Sore itu saya sedang dalam taksi online. Saya duduk tenang sambil menelusuri medsos di gawai. ‘Bip’, terdengar bunyi klakson. Saya menoleh ke belakang. Jarak mobil yang saya tumpangi dengan mobil di belakangnya lumayan ‘aman’. Kenapa mobil saya diklakson? Tak seberapa lama bunyi klakson terdengar lagi. Saya mulai bertanya-tanya. Ada apa ini? Di jalan-jalan Jogja pembunyian klakson masih lumayan beradab. Kebanyakan orang memencet klakson hanya bila benar-benar membutuhkan.
Bip. Nah, terdengar lagi. Sopir mana sih yang seenak jidatnya memencet klakson? Dalam lalu lintas yang nggak macet kayak gini? Bip. Bip. Kini saya mulai tergangggu. Bip. Kenapa suaranya terdengar selalu dekat? Kayak menguntit. Gawai saya abaikan sepenuhnya. Saya mengamati sekeliling saya dan ya ampun, ternyata yang mengklakson dari tadi adalah sopir saya! Bip! Nah, dia melakukannya lagi.
Mendadak saya jadi malu. Walau itu bukan perbuatan saya, saya langsung nuduh orang lainlah penyebabnya. Duh, inilah kebiasaan jelek kita (eh saya). Kalau ada gangguan, kita cenderung ‘otomatis’ menganggap orang lain penyebabnya.
Baca juga: Happy Shopping, Mommies
Ada asap mengganggu? Tetangga tuh yang bakar sampah. BUKAN saya.
Berisik? Tetangga emang bebal, dikiranya cuma dia yang punya kuping.

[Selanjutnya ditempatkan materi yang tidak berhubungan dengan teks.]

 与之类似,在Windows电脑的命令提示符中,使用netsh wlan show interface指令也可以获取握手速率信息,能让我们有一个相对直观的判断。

Got mampet? Grrrkkkhh, ini orang-orang pada sekolah nggak, sih? Kok nggak bisa membedakan antara got dan tempat sampah.
Saya? Saya nggak bersalah, dong. Memangnya apa salah saya? Saya nggak ikut bakar sampah. Saya nggak ikut berisik. Saya nggak ikut mampetin got.
Eh. Atau iya?
Saya pernah mendengar ungkapan begini, “Yang biasanya mengeluhkan kemacetan adalah orang yang naik mobil.” Artinya, kita menyumpahserapi kepadatan jalan, tapi kita nyumbang pada kepadatan itu juga. Orang-orang yang nggak bepergian atau orang desa yang ke mana-mana naik sepeda ontel mah nggak pernah mengutuk jalanan.

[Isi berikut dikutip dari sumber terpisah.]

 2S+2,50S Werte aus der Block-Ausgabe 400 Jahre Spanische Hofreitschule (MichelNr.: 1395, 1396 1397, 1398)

Saya mungkin nggak pernah membuang sampah ke got, tetapi ke mana sampah-sampah plastik yang sebagian saya masukkan bank sampah dan sebagian saya serahkan pada tukang sampah? Saya nggak pernah yakin mereka berakhir di mana. Kalau tetangga-tetangga pada buang sampah di got, sebentar… mungkin karena mereka tidak memiliki kesadaran soal lingkungan. Sementara saya, yang punya sedikit (beneran dikit) kesadaran nggak mau repot-repot menularkannya.
Di media sosial, ironi-ironi seperti ini gampang banget kita temukan. Banyak akun-akun yang menuduh orang lain sebagai penyebab masalah, entah itu banjir atau kenaikan harga sayur mayur, tetapi setelah ditelusuri ternyata pemilik akun tersebut juga sama (atau malah lebih parah) kelakuannya. Banyak orang nyinyir terhadap prestasi orang lain, sementara pretasi dia ya cuma juara lomba nyinyir itu. Tak ketinggalan orang-orang yang mengatai tampang orang lain jelek, terlalu item lah, terlalu gendut lah, terlalu kerempeng lah, sementara belum tentu si penghina punya tubuh yang lebih sempurna.
Teman saya yang kebetulan bekerja di bank bagian kartu kredit bilang begini, “Banyak pemegang kartu kredit yang marah-marah ke bank setelah mereka kena denda banyak banget. Bilang bank kejam lah, nggak adil, bla bla bla. Tetapi, sebenarnya pola konsumsi merekalah yang menyebabkan mereka terperosok. Beli barang branded, traveling ke mana-mana, tapi lupa kalau semuanya pakai utang yang kudu dibayar.” Hadeh.
Mungkin sudah insting manusia untuk melempar kesalahan orang lain mungkin agar kita bebas dari rasa bersalah atau paling tidak merasa (merasa aja) lebih hebat daripada orang lain. Tapi, kan ya halu banget jadinya. Wong kenyataannya kita nggak lebih baik. Wong kenyataannya kita juga sumber masalah. “Biiiipppp. Woy, jangan main main klakson woy. Biiiiiipppp.”